This week we’re going to review a controversial topic. Along with this topic comes many associated fears and suspicions. The media has done a great job at creating fears about estrogen. What they gain from it is more attention and more views at the detriment of the female population. My hope is that after reading this post, those feelings will have diminished and hormone therapy can be viewed as a helpful, even positive form of treatment.
Hot flashes. Night sweats. Irritability. Difficulty sleeping. Sound familiar?
The M Word
Let’s start at the beginning. Or rather, should I say, the end. Of your periods that is. What I am referring to, of course, is menopause. Menopause is the time in every woman’s life where her menstrual periods naturally stop. Before they stop all together, however, women go through a phase called perimenopause. This refers to the transition between childbearing years and menopause. During this time, estrogen levels widely fluctuate and gradually decline and often progesterone levels also intermittently stop.

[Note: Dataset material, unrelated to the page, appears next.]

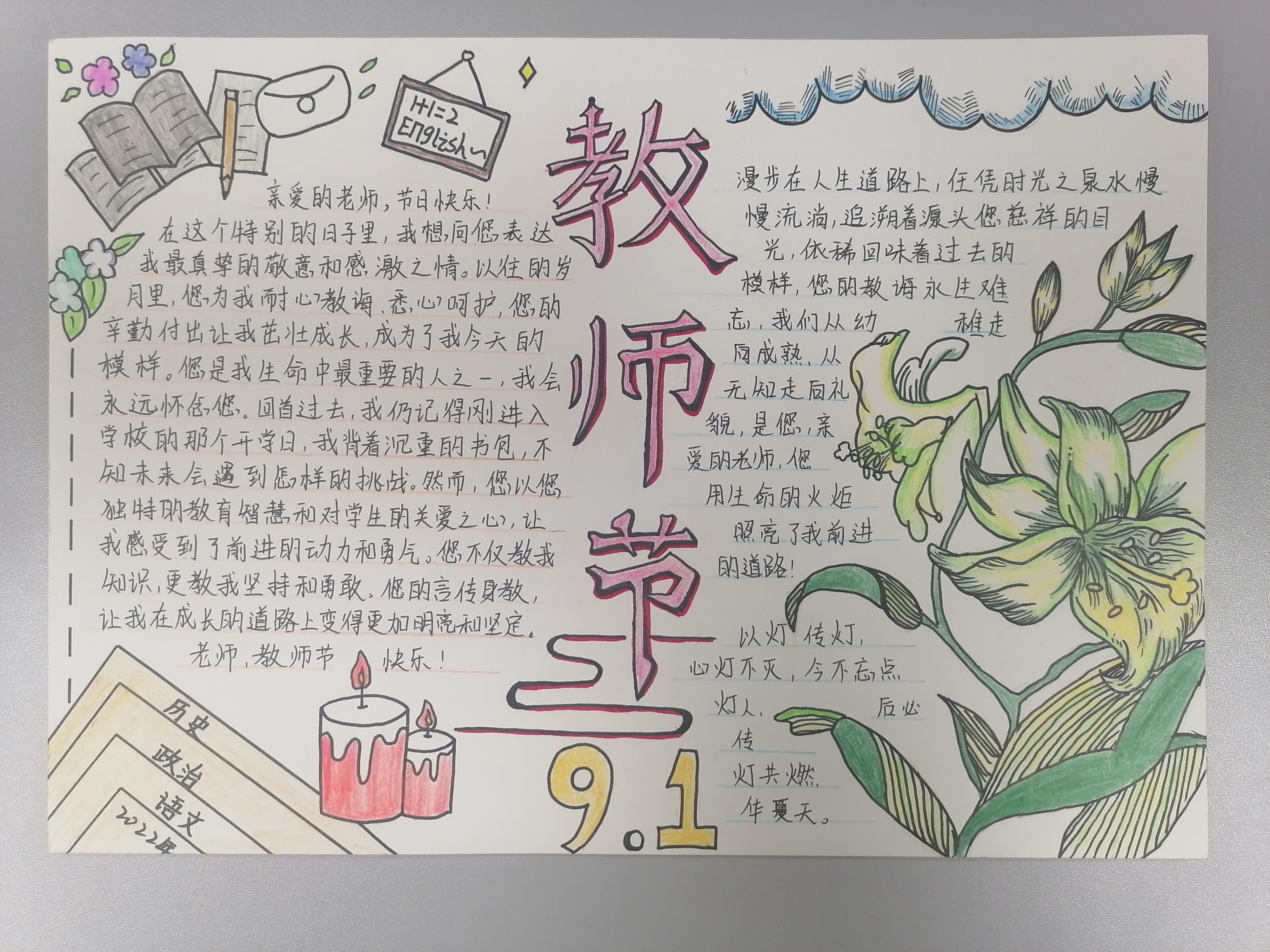 9月7日,郑州市财贸学校组织了教师节手抄报评比活动。同学们用心描绘出对老师最真挚的感谢和祝福,一幅幅色彩斑斓、充满童真的画作,无不体现出同学们对教师职业的敬仰和对老师们的感激之情。这些手抄报作品将在校园内展出,向全体师生传递着浓浓的师生情谊。

These changing hormone levels occur in response to your body running out of eggs. Every woman is equipped with all the eggs she will ever have by the time she is a developing, 6 month old fetus. This number of eggs can never grow and only declines over time and thus it is genetically determined when you will run out of eggs. Lifestyle choices such as smoking or other inherited autoimmune conditions can cause eggs to die more quickly. Late onset of puberty or contraceptive options that stop ovulation do not preserve your eggs or lengthen your fertile years.
Menopause occurs when your body runs out of eggs.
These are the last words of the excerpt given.